01 October 2009

Cycle chic, or not

Maybe I'm tired of being told I need to look pretty.

Maybe I'm tired of being told I need to ditch the sporty accessories, dress up in a skirt and heels, break the bank on an enormous Dutch bike, ride really slow, and smile and say hello to absolutely everyone.

Maybe I'm tired of the implicit accusation, in these laments on the dearth of women on bikes, that I'm the wrong kind of woman to be seen riding a bike everywhere, given that I ride in motor traffic with the big boys and generally don't give a tweet about what I'm wearing or how sweaty I get.

(Maybe I left my boyfriend in the dust last weekend, but I'd probably get a finger-wagging for that, too.)

6 Comments:

At 01 October, 2009 17:28, Anonymous Amsterdamize said...

Cycle Chic is taken the wrong way all over the place :). Mikael coined it that way, because his Danish 'objects' dress so stylishly by nature. His words.

It's really about 'normal cycling', conveying to people that you can ride without all the 'gear', like 10s of millions of other people do every day. Where I'm from, people of all ages just dress for the day (you know, just what you'd wear on a regular basis) and then get on a bike, they don't give it a second thought. Because it's the fastest, most practical and enjoyable means of transportation. That's it. Not because it's 'green', not because they want to make a statement, nothing like it. That, and our types of bikes accommodate that need. Hassle free, utility-ready, reliable, practically maintenance free. Why get your hands or clothes dirty, right?
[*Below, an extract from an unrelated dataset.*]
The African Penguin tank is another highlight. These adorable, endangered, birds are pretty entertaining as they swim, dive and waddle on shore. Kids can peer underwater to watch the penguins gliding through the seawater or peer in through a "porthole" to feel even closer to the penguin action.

Then again, of course you don't HAVE to do anything you don't like. Just ride :).

Cheers,
Marc

 
At 03 October, 2009 01:16, Blogger Steven Vance said...

If you refer to what I think influenced this entry, I think you miss the point.
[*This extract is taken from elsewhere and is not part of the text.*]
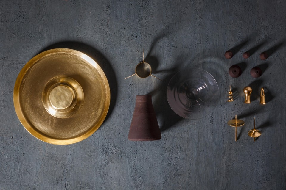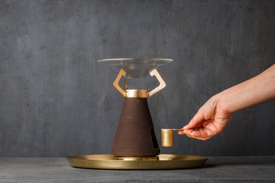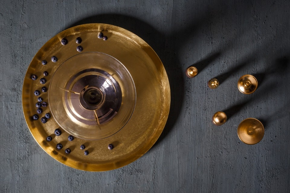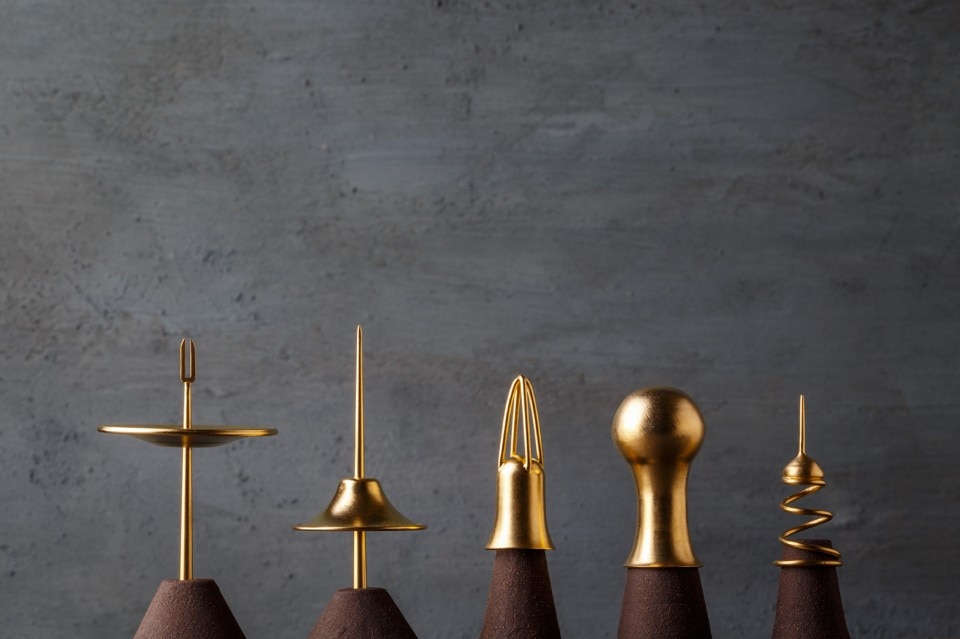 The set was produced with the metal spinning and jewelry design techniques, glass blowing and ceramic potter’s wheel. The eating utensils are plated with gold and placed on a black ceramic stand.

Cycle chic is about NOT adjusting your lifestyle to fit your bike, but owning a bike that fits your lifestyle.

This year I decided I was sick of buying bicycling accessories that changed how I dressed and I abandoned a lot of them.

Now the clothes I wear while commuting are the clothes I wear at work. That's what I really want. I don't want to carry clothes in a bag and then change. I don't want to come to class wearing expensive layers.
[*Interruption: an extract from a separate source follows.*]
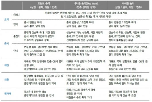 그는 "트럼프와 바이든 후보의 정책정책, 각 정당의 정책 기조를 감안할 때 '트럼프 재선, 공화당 상원 우위'의 경우가 글로벌 금융시장에는 가장 우호적일 것이라고 내다봤다.

And hey, if the Dutch bike now powers the lights, say goodbye to managing a rechargeable battery collection or buying new ones when the lights go out on your way home from work.

You don't have to have a Dutch bike to do all this. And if your lifestyle has changed because of your bike to include new clothing choices and attitudes about sweatiness, and you feel good about that, then so be it. I don't accept that for myself any longer.

 
At 05 October, 2009 02:40, Blogger Jennifer said...

But eventually you do end up adjusting your lifestyle to fit your bike. It's simply not possible to get into seriously into cycling as transportation (or even recreation) without doing such a thing. It requires a completely different approach to transporting yourself, oftimes a lot more planning, and increased amount of attention paid to things like weather and daylight and maybe even local crime. I'm sick of seeing so many people try so hard to deny that bicycling doesn't have to change your lifestyle. If it's not changing your lifestyle, then you're simply not riding often enough to be able to claim that it's part of your lifestyle in the first place.

Or maybe I'm just tired of being told over and over and over and over again that myself and the dozens of other women I know who wear pants and sneakers, own helmets and other gear, and are capable of making our own minor repairs because we don't mind getting dirty are actually just the tiny minority of crazy "abnormal" female cyclists in the world. Please pardon us all for being so damned ugly and unfeminine that we're holding back the whole Bicycle Movement.

 
At 05 October, 2009 02:52, Blogger Jennifer said...

I suppose an example is in order: Does the auto industry bend over backwards to convince women that there are plenty of cars out there that aren't too "sporty" or "rugged" but are perfect for driving downtown for coffee, that they don't need all those extra features like power locks or side curtain airbags, and that they shouldn't let themselves feel intimidated by women who know how to change a tire and keep jumper cables in the trunk?

 
At 05 October, 2009 07:57, Blogger Steven Vance said...

"It's simply not possible to get into seriously into cycling as transportation (or even recreation) without doing such a thing. It requires a completely different approach to transporting yourself, oftimes a lot more planning, and increased amount of attention paid to things like weather and daylight and maybe even local crime."

I completely agree.

But the bike you own won't affect your planning or attention to these elements.

 
At 12 October, 2009 16:51, Blogger Yokota Fritz said...

Don't worry about it, Jennifer; You're beautiful no matter how you ride.

The point of the whole "cycle chic" stuff (which I admittedly dig) is to fool^Wencourage those who want to be 'chic' into thinking bike riding can also be fashionable.